Are you sick of trying to think up brilliant user names and passwords that you don’t have to jot down in a notebook? It’s not really very funny if the gag is on you, however. Given the rate at which America’s retail credit system has been compromised by criminal enterprises in Russia, you surely won’t be surprised if one day you find out that every iota of information about you, including your credit rating and sexual fetishes, is already freely available for hackers. I’m definitely not being hysterical or unduly trying to gestate a crisis when I say that personal security is a problem that concerns every web user.

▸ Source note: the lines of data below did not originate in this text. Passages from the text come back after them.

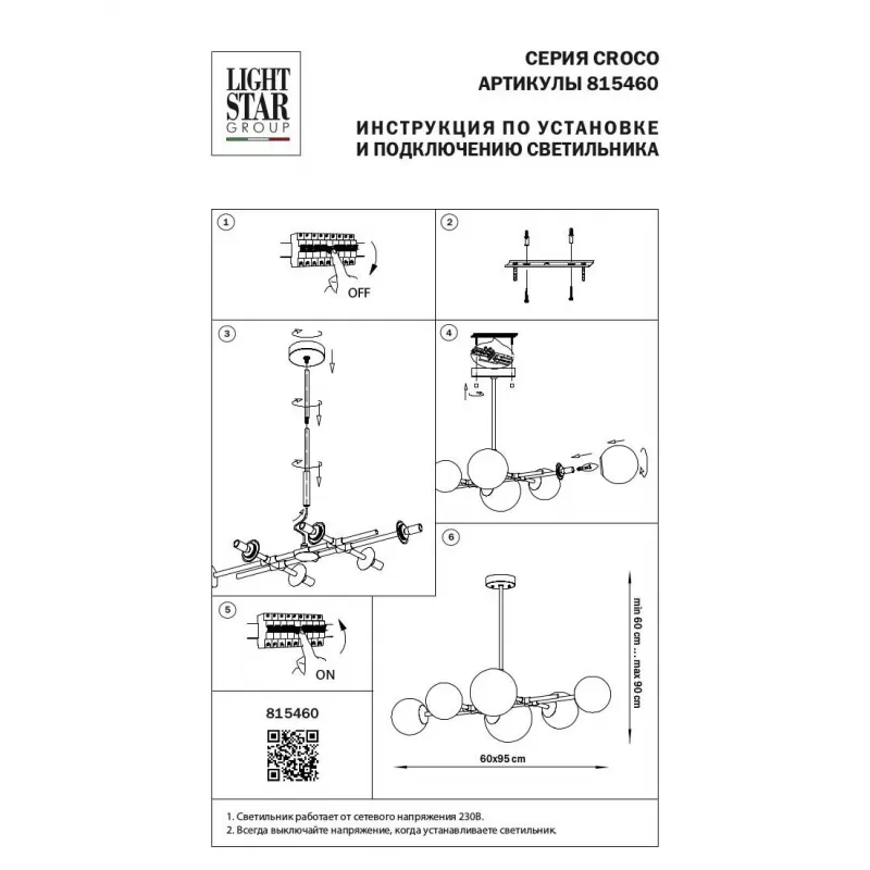 - Стеклянная потолочная люстра Croco 815460 форма шар белая Lightstar
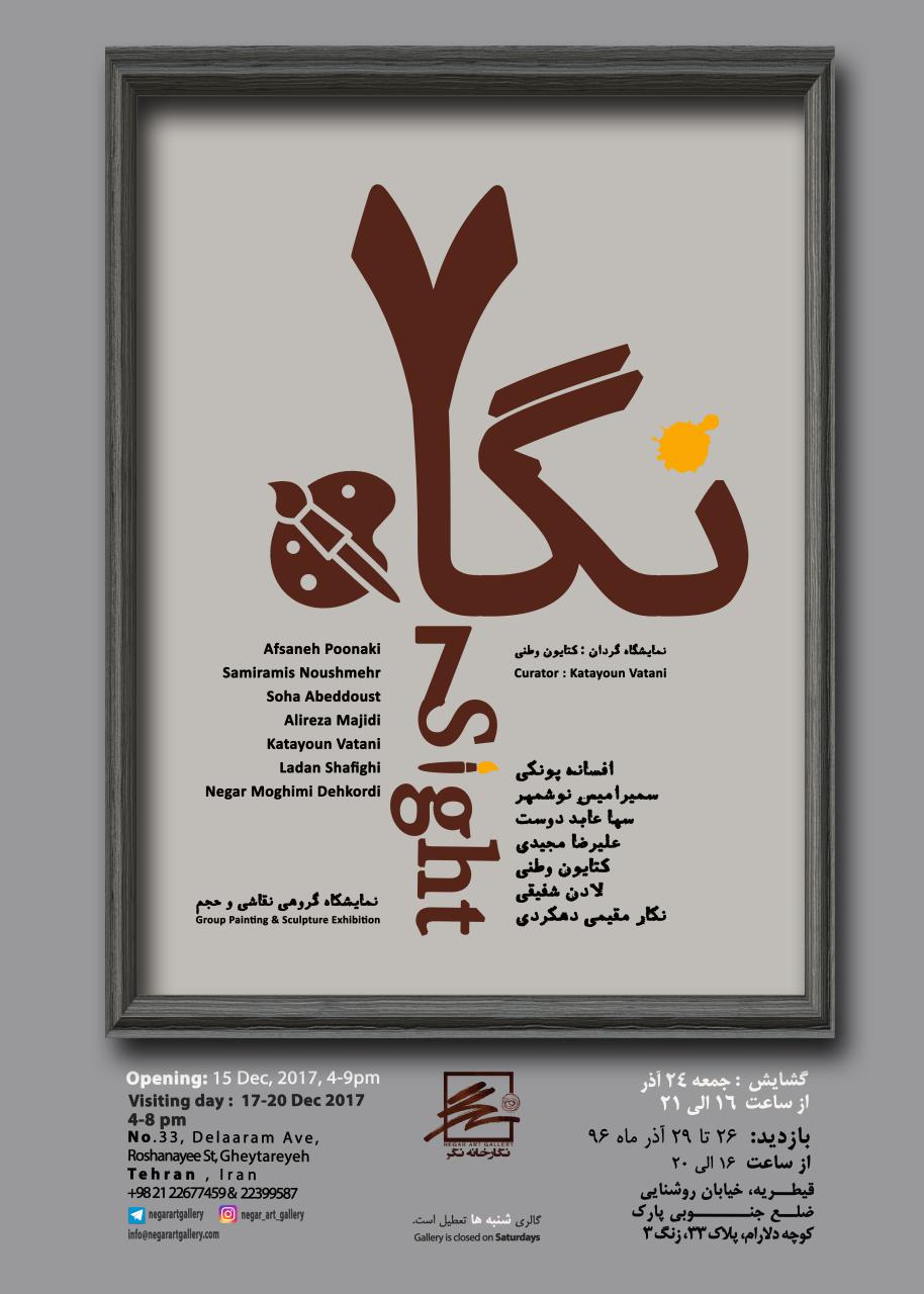 اين نمايشگاه که شامل آثاري از افسانه پونکي، سميرا ميس نوشمهر، سها عابد دوست، عليرضا مجيدي، کتايون وطني، لادن شفيقي، نگار مقيمي دهکردي مي باشد تا بيست و نهم آذرماه در گالري نگر به نشاني قيطريه، خيابان روشنايي، کوچه دلارام، پلاک 33 داير خواهد بود.
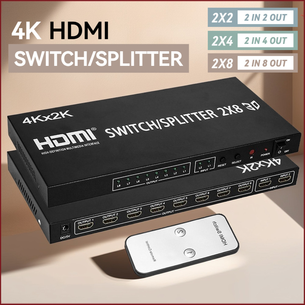 4K HDMI Switcher Splitter 2 In 8 out HDMI Switcher For PS4 DVD Camera Laptop PC To Multi TV Monitor

It’s time to wipe away all traces of the old login+password pairing; unfortunately, the current reality is that the whole web was built around that security scheme and the bottom-line cost of modernization sees stores like Home Depot, Macey’s and Target shrug and take the hit. At the moment, no other system has been adopted. The Russians, however, pissed off at the manner in which the western powers have placed sanctions on them for their bullying, Fascist behavior in Ukraine, made an egregious error when they attacked PayPal, Linked-In, Facebook and Yahoo. These guys are as flush with readies as any of Putin’s Voor ve zakonye-affiliated malware thugs. The Eyelock company, out of New York City and Puerto Rico, is the first of its kind and they are ready to ride in like the cavalry.
Eyelock has been stealthily engineered to solve this problem by creating extremely complex passwords for you, although—Jah be praised!—there’ll be no reason you’ll ever have to remember them because the Myris system will both encrypt and store the passwords, while you are able to unlock them of your own volition as you look at the device and your unique iris pattern is used to instantaneously decrypt the vault, quicker than a rabbit gets laid on a Friday night when the hutch door is left open.
Of course, fingerprints, which have been used a means of detection to different degrees for nearly 150 years are an alternative. The iris pattern, however, is even more unique than fingerprints. Like some byzantine barcode, every set of eyes is remarkably different. After close to a decade of research on Lastpass and 1Password, software, Myris can look in your eyes and use your ‘eye print’ as a means of creating a completely unique password. Best of all, having been ‘eye printed’ the code, once created, is, theoretically, uncrackable.
Now, clearly, I’m not a scientist, and I’m unsure as to whether a clever thief might ultimately be able to make a copy of the raw image Myris “sees” when looking at your eyes. “Could someone unlock my device by using a picture of me?” is a very logical question. The answer is that your iris is recorded using near-infrared light and bounces light in a manner which requires a live subject and 3D-refraction in the iris’ texture, making it pretty much impossible to unlock.
Installation is pretty simple. Connect the Myris device to a USB port and a drive will appear with an app installer. Select your OS and start the installation. Chrome users, I’m told, have had extension problems with installation, so an alternative like Firefox might well be viable to consider. Disable your current password manager, if you own one. At any rate, soon your install will be finished and you’ll see an Eyelock app screen that asks you to register for a new account. Following this you will be prompted to unlock Myris with your eyes each time you enter a new password online. This works pretty much like any other password manager you’ve used, except that the password(s) aren’t stored online, but inside the Iris device, protecting you from any possible breaches.
Automatically logging into a website is also simple. Go to the login page, look into your Myris device and seconds later you will gain entry and thereafter go automatic. The same goes for apps. Indeed the only problem until this system becomes ubiquitous and is standardized, you will have to join each individual site and app one at a time.
Last, but not least, this is a personal device and cannot be configured to handle more than one person. It’s a one-user device and isn’t meant to be used by a group or a family. This is something Eyelock will have to look into next.